Title X is a family planning program, created in 1970, to provide services to mostly low-income patients — things like contraception, testing for sexually transmitted infections, pregnancy tests and counseling.

The new rule prohibits any health provider receiving Title X funds from making referrals to abortion providers, or counseling patients about abortion.

Huge providers like Planned Parenthood, and small operations like the Venice Family Clinic, were then put in the position of either refusing these federal funds, or allowing the government to dictate what kind of healthcare they could provide.

Both made the principled decision to turn down the money rather than sacrifice the well-being of their patients.

“Morally speaking, we could not accept Title X money under the current restrictions,” said Dr. Karen Lamp, director of the Venice Family Clinic’s Briskin Women’s Health program. “We are turning away several hundred thousand dollars, and we are going to be under some severe financial challenges moving forward.”
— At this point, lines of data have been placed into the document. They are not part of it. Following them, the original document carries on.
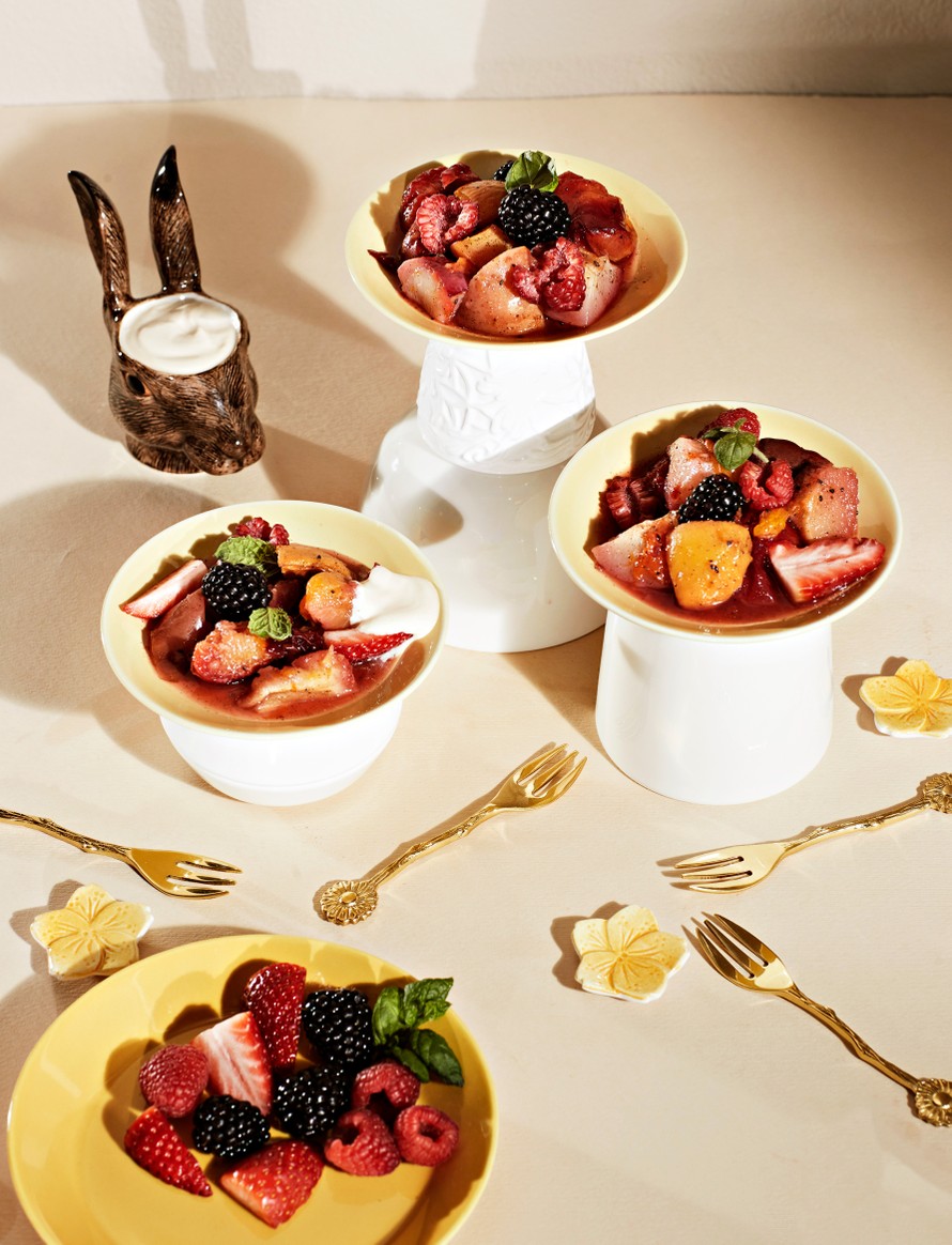 Paista 225 asteessa 20 minuuttia, kunnes hedelmät ovat pehmenneet. Lisää kuumien hedelmien joukkoon tuoreet marjat.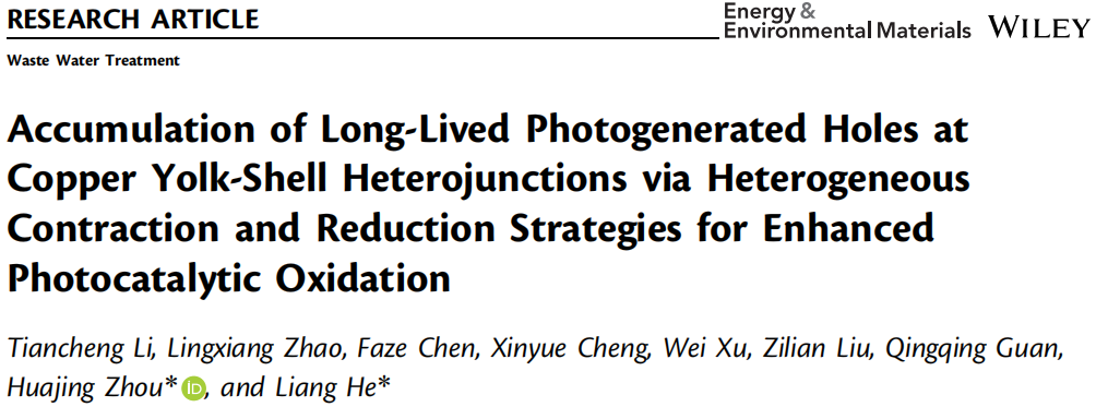 日前,三亿体育_三亿(中国)一站式服务官方网站建筑工程学院“污染过程控制与模拟团队”在光催化高级氧化领域取得重要进展,相关成果发表在材料科学领域权威期刊《Energy & Environmental Materials》(中科院1区Top)上。三亿体育_三亿(中国)一站式服务官方网站2022级硕士李天成为本论文第一作者,建筑工程学院周华晶副教授以及化学工程学院何亮教授为本论文通讯作者。三亿体育_三亿(中国)一站式服务官方网站为论文的第一完成单位。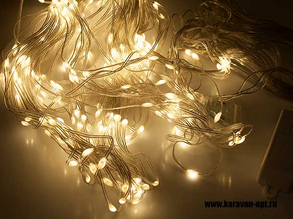 н.г. Гирлянда электрическая LED штора 3*2м 200 лампочек, тёплый белый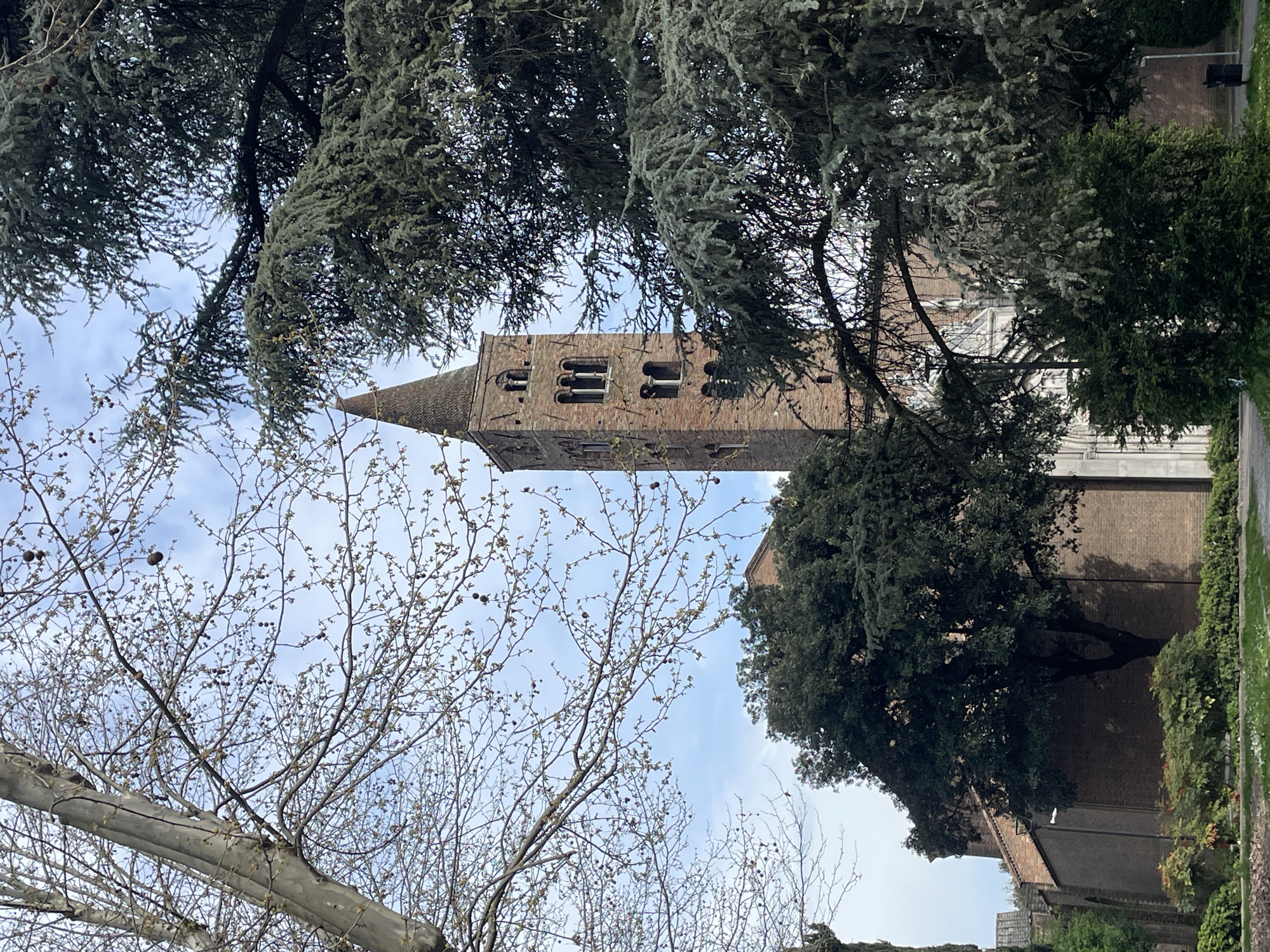 The image depicts the exterior of the Basilica di Sant' Apollinare Nuovo in Ravenna, Italy, as seen through a mix of tree branches. A brick bell tower is visible rising above the Basilica. The sky is visible through the branches of the trees. The Basilica has a red brick wall. The Bell Tower has an architectural style that is common to early Byzantine architecture.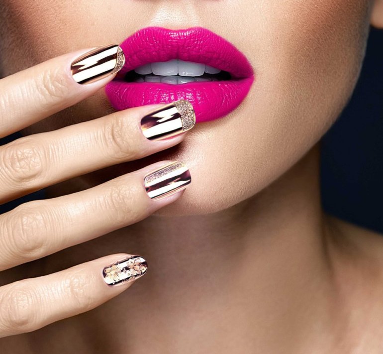 Маникюр золото металлик.

On March 4, the new, vigorously conservative U.S. Supreme Court heard its first abortion case, June Medical Services vs. Russo. At issue is whether a Louisiana law that requires abortion doctors to have admitting privileges at local hospitals is constitutional, or whether it conflicts with a 2016 Supreme Court ruling, which struck down a similar Texas law.

This case should tell us once and for all whether the newest justices, Neil M .Gorsuch and Brett M. Kavanaugh, will respect the court’s previous rulings upholding abortion rights, or find a way to nullify them.

Despite incessant attacks, abortion remains legal in every state.

Based on what I know of these justices, however, I doubt it will be much longer.